* **Dataset content**

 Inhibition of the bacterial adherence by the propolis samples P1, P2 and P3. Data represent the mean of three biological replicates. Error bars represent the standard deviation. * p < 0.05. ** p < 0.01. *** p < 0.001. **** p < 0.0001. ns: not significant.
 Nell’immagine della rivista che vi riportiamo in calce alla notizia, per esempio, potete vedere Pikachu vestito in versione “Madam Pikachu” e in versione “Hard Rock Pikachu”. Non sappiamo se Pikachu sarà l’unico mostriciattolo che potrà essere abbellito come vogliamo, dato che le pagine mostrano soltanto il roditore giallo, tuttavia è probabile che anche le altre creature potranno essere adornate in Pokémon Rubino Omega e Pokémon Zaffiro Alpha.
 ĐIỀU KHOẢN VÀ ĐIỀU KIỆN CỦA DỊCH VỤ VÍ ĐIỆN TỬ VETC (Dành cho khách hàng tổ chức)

* * *

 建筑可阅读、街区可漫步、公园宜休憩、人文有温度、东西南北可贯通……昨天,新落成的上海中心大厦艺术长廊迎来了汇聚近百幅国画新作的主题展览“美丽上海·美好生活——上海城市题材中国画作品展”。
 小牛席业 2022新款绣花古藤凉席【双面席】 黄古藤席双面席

...

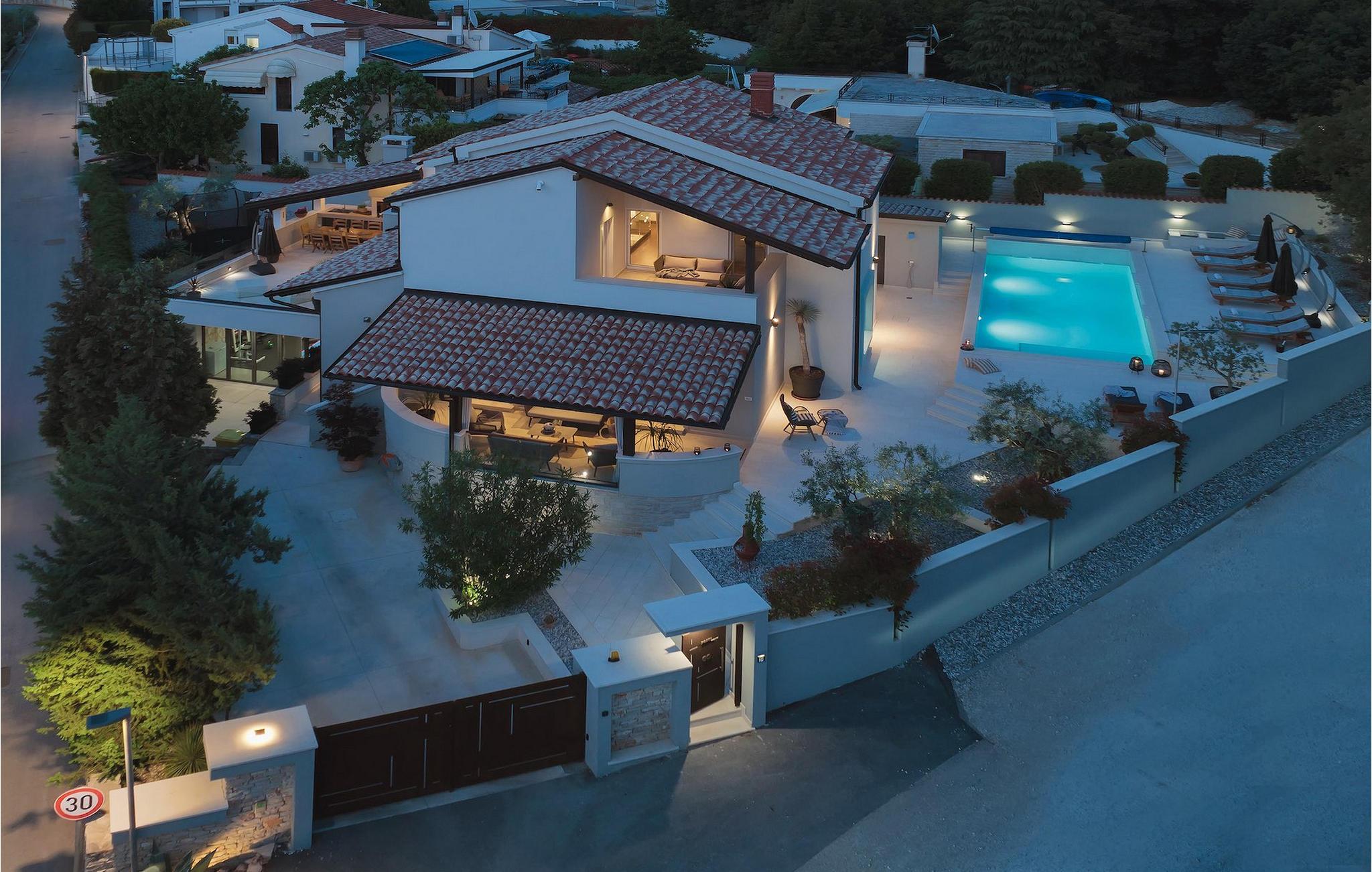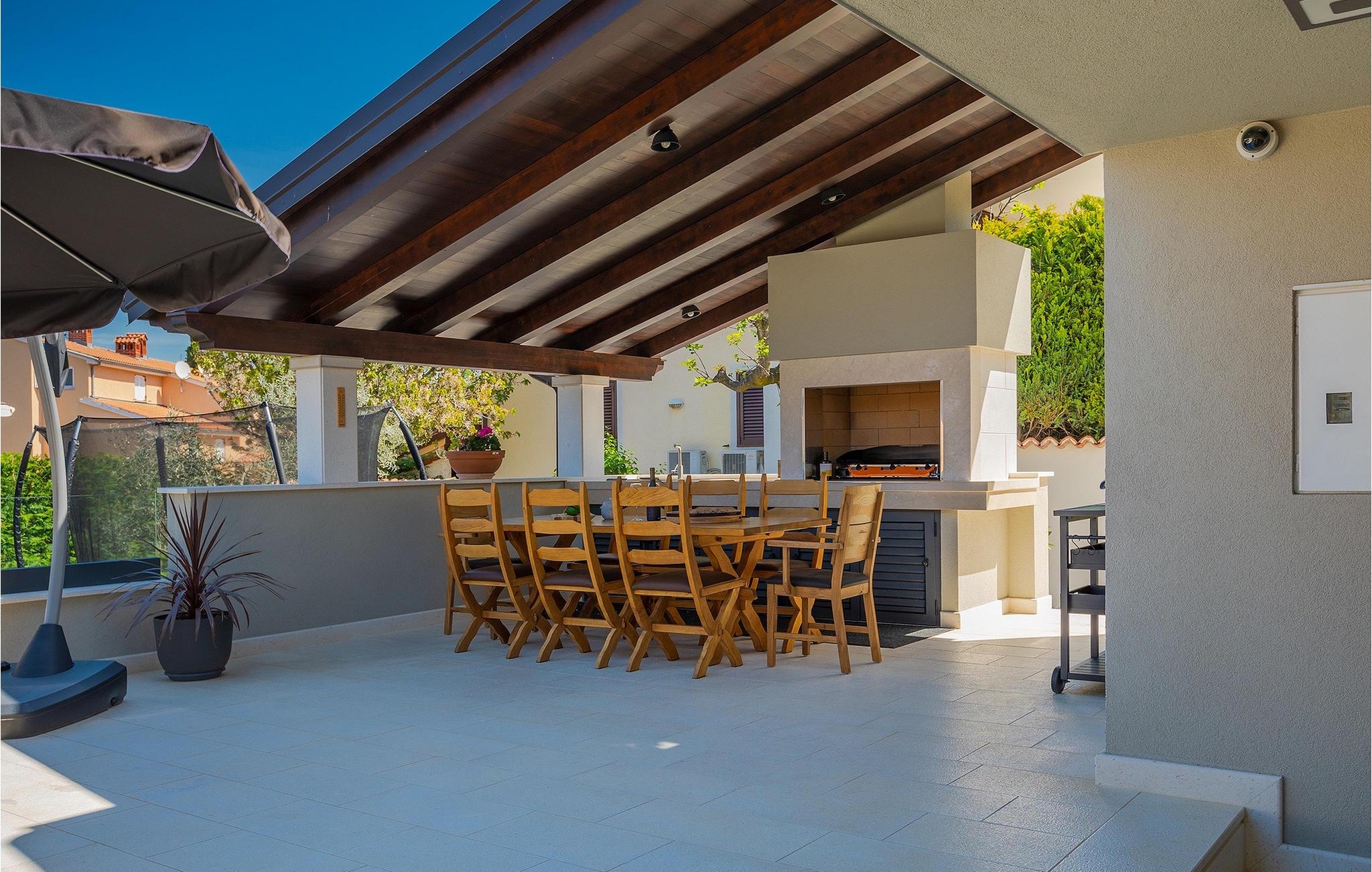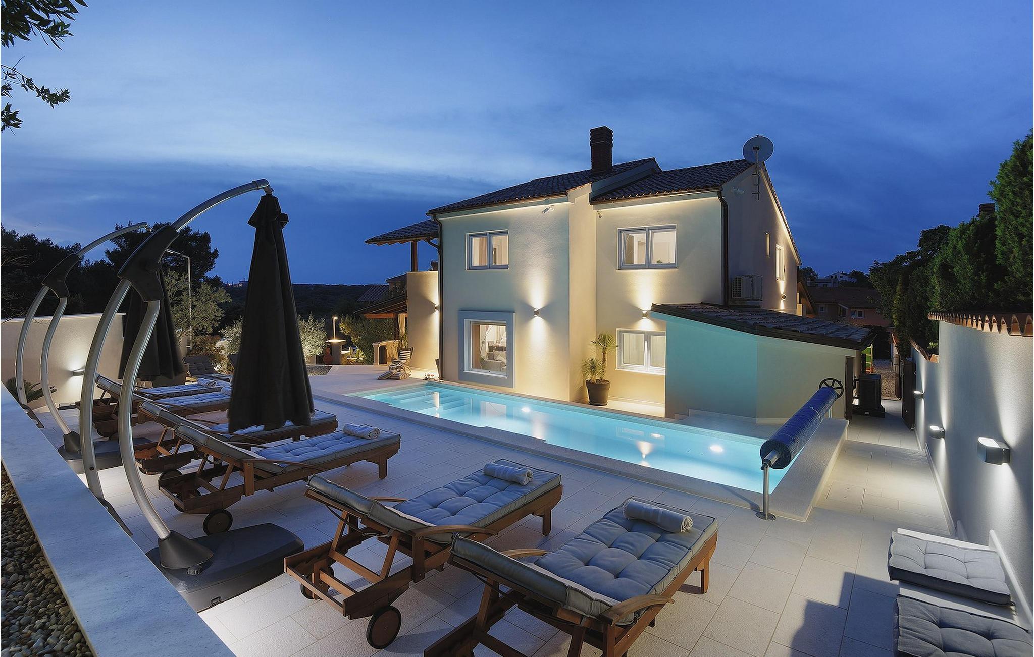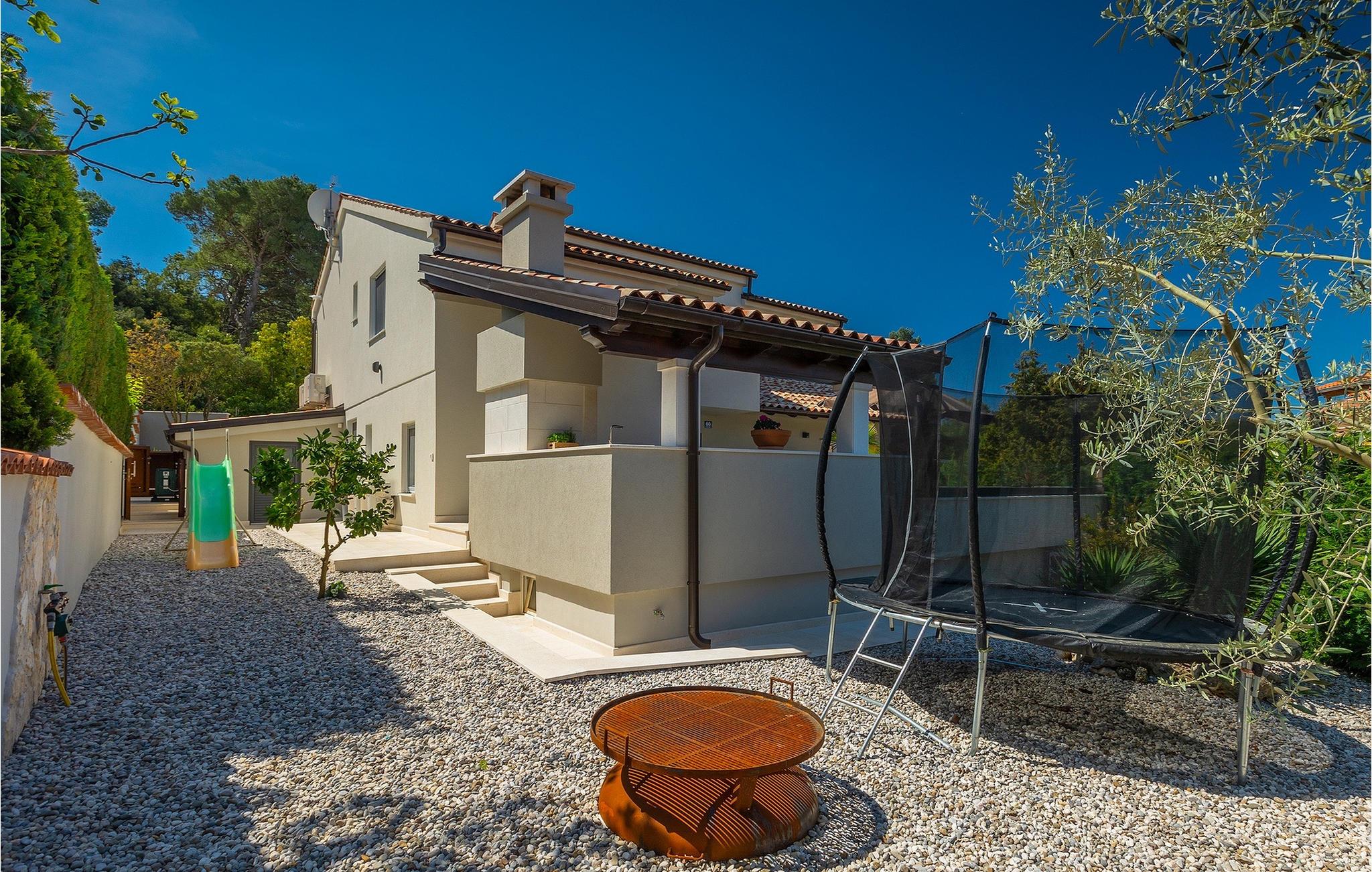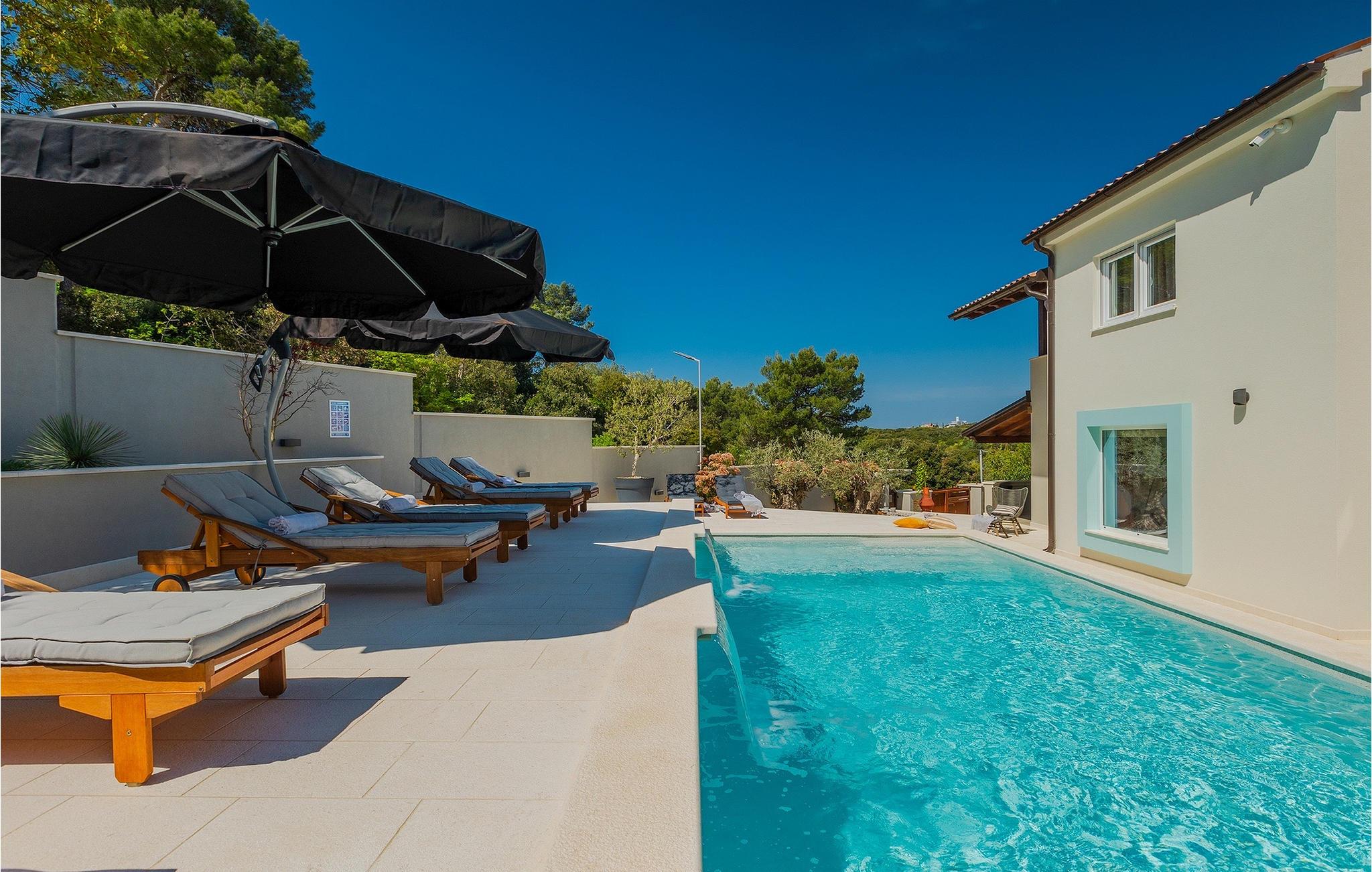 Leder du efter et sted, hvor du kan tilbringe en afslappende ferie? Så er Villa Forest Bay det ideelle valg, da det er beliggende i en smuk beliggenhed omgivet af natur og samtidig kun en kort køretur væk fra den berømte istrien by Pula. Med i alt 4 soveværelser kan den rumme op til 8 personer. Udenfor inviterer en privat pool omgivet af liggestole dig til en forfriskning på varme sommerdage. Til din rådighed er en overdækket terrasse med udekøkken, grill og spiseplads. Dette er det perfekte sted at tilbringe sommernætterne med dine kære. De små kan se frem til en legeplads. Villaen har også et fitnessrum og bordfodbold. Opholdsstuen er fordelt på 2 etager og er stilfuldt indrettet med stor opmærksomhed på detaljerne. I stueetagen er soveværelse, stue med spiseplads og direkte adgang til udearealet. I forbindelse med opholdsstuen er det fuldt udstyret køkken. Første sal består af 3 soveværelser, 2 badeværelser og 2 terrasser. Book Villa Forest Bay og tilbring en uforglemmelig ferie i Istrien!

* **Task objective**
Your answer should be the lines above, from the line containing "建筑可阅读、街区可漫步、公园" up to and including the line containing "小牛席业 2022新款绣花古藤凉席【双面席】 黄古藤席双面席", reproduced exactly and with nothing else.

* **Task answer**
 建筑可阅读、街区可漫步、公园宜休憩、人文有温度、东西南北可贯通……昨天,新落成的上海中心大厦艺术长廊迎来了汇聚近百幅国画新作的主题展览“美丽上海·美好生活——上海城市题材中国画作品展”。
 小牛席业 2022新款绣花古藤凉席【双面席】 黄古藤席双面席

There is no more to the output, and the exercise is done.